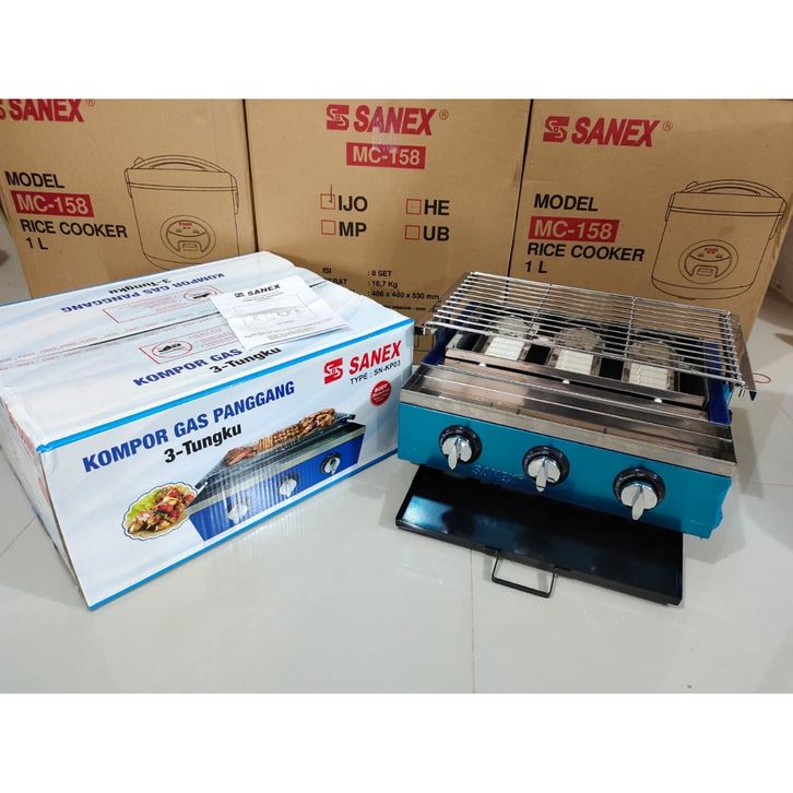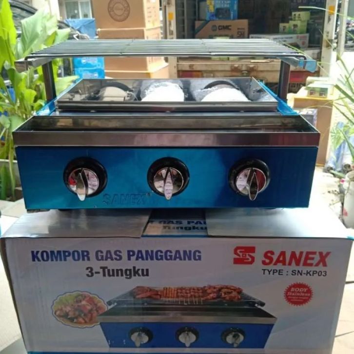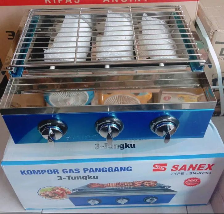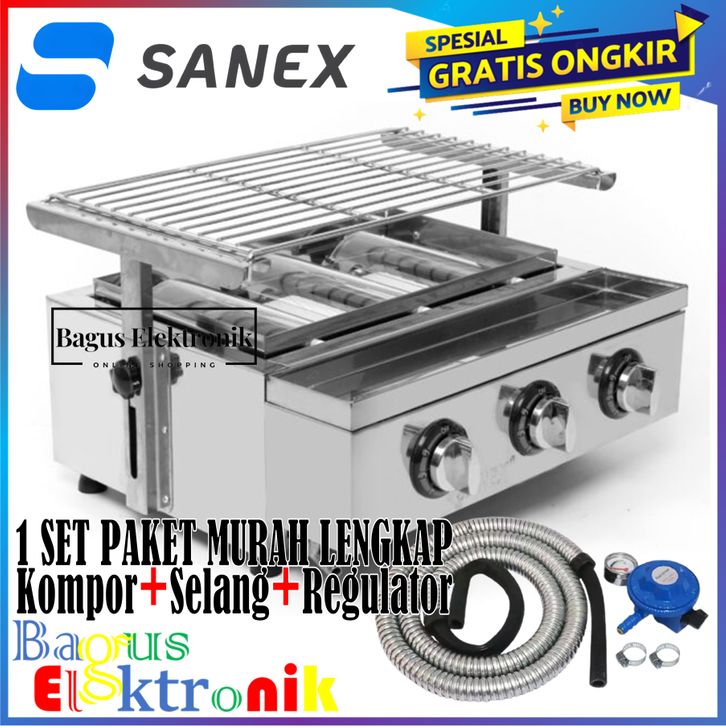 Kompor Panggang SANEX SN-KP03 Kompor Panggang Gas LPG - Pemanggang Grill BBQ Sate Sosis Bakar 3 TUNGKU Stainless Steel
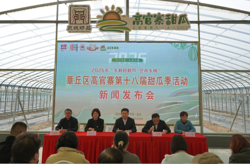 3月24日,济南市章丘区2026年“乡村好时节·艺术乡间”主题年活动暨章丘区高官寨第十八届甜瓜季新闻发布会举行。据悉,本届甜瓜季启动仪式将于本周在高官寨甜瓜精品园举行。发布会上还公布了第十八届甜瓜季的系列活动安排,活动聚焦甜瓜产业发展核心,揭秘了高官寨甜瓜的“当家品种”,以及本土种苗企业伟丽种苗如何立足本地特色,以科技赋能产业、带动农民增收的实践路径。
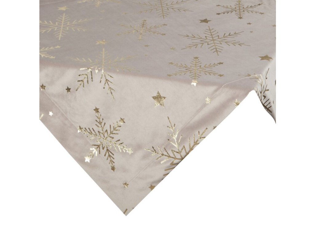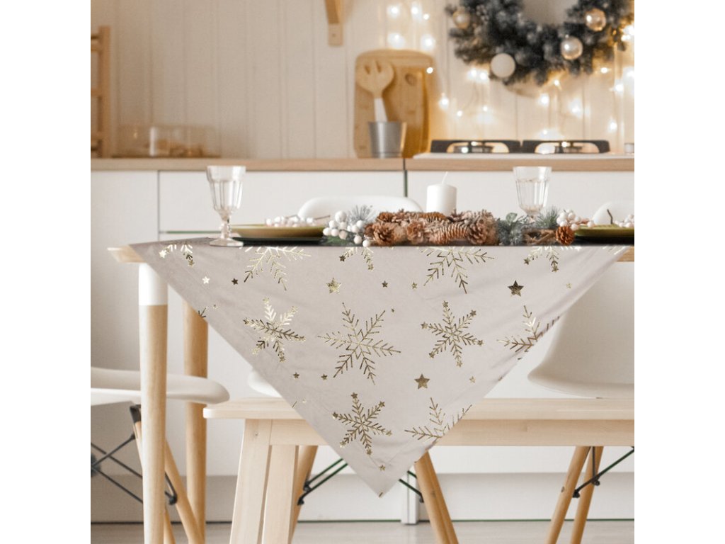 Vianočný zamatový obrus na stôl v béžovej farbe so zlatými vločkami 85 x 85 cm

◆ **YOUR TASK**:
A word-for-word repetition of the data above, without pictures, is the expected answer.

◆ **RESULT OF THE TASK**:
 Kompor Panggang SANEX SN-KP03 Kompor Panggang Gas LPG - Pemanggang Grill BBQ Sate Sosis Bakar 3 TUNGKU Stainless Steel
 3月24日,济南市章丘区2026年“乡村好时节·艺术乡间”主题年活动暨章丘区高官寨第十八届甜瓜季新闻发布会举行。据悉,本届甜瓜季启动仪式将于本周在高官寨甜瓜精品园举行。发布会上还公布了第十八届甜瓜季的系列活动安排,活动聚焦甜瓜产业发展核心,揭秘了高官寨甜瓜的“当家品种”,以及本土种苗企业伟丽种苗如何立足本地特色,以科技赋能产业、带动农民增收的实践路径。
 Vianočný zamatový obrus na stôl v béžovej farbe so zlatými vločkami 85 x 85 cm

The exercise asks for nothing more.